Consider equations having the following form: a1x13+ a2x23+ a3x33+ a4x43+ a5x53=0 The coefficients are given integers from the interval [-50,50]. It is consider a solution a system (x1, x2, x3, x4, x5) that verifies the equation, xi∈[-50,50], xi != 0, any i∈{1,2,3,4,5}.
Determine how many solutions satisfy the given equation.
a1~a5，x1~x5分别在[-50~50]取值，x1~x5均不为0,求一共有多少组解。

输入输出分析

写在这里记录一下， 如果动态开辟空间就不用while(~scanf)这种形式了，可能MLE或者回收错误。

Sample Input

37 29 41 43 47
Sample Output

654

算法数据结构分析

把i**3的值求出来打表存，因为肯定要遍历用到无数次。

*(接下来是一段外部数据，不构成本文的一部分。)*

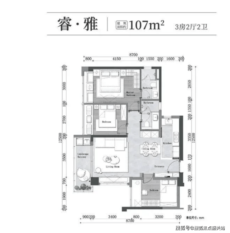 在有限的体量内,瑧樾府将产品空间价值做到极致。住宅共划分为107至180平方米多个面积段,包含三房两厅两卫至四房三卫等不同布局,全面满足都市中产及高净值家庭改善性居住需求。其中主打107平方米、128平方米、141平方米、175平方米及180平方米五种户型,各具特色。

为了简化计算将0点定在坐标为50的地方。

计算出前两组乘积的和存到哈希表中，然后在计算后面三组值取相反数看是否相等。

注意找到数不要立刻break，因为这一个数可以由多组不同的组合求出，所以属于一种答案。

AC代码

//author: svtter
//

#include <iostream>
#include <stdio.h>
#include <string.h>
#include <vector>
#include <map>
#include <algorithm>
#include <queue>
#include <cmath>

#define INF 0xffffff
#define lln long long

#ifdef ONLINE_JUDGE
#define FOI(file) 0
#define FOW(file) 0
#else
#define FOI(file) freopen(file,"r",stdin);
#define FOW(file) freopen(file,"w",stdout);
#endif

using namespace std;

struct hashnode
{
int v;
hashnode *next;
};

int a[5];
int hash[101];

//先前取值3533
#define M 3533
int i, j, k;
int res;
hashnode * Hash[M+5];

void BuildList()
{
for(i = -50; i < 0; i++)
{
hash[i+50] = i*i*i;
hash[50-i] = -hash[i+50];
}
}

void BuildHash()
{
int hashkey;
hashnode * tmp;
for(i = 0; i <= 100; i++)
{
if(i == 50)
continue;
for(j = 0; j <= 100; j++)
{
if(j == 50)
continue;

res = a[0]*hash[i] + a[1]*hash[j];

hashkey = (res > 0 ? res : -res) % M;

tmp = new hashnode;
tmp->v = res;
tmp->next = Hash[hashkey];
Hash[hashkey] = tmp;
}
}
}

int main()
{
//FOI("input");
//FOW("output");
//write your programme here

BuildList();
int ans = 0;
int hashkey;
hashnode *ph;
scanf("%d%d%d%d%d", &a[0], &a[1], &a[2], &a[3], &a[4]);
ans = 0;
BuildHash();
for(i = 0; i <= 100; i++)
{
if(i == 50)
continue;
for(j = 0; j <= 100; j++)
{
if(j == 50)
continue;
for(k = 0; k <= 100; k++)
{
if(k == 50)
continue;
res = a[2]*hash[i] + a[3]*hash[j] + a[4]*hash[k];
res = -res;

hashkey = (res > 0 ? res : -res) % M;
ph = Hash[hashkey];

//
while(ph != NULL)
{
//可能有多组数据
if(ph->v == res)
ans++;
ph = ph->next;
}
}
}
}
printf("%d\n", ans);

return 0;
}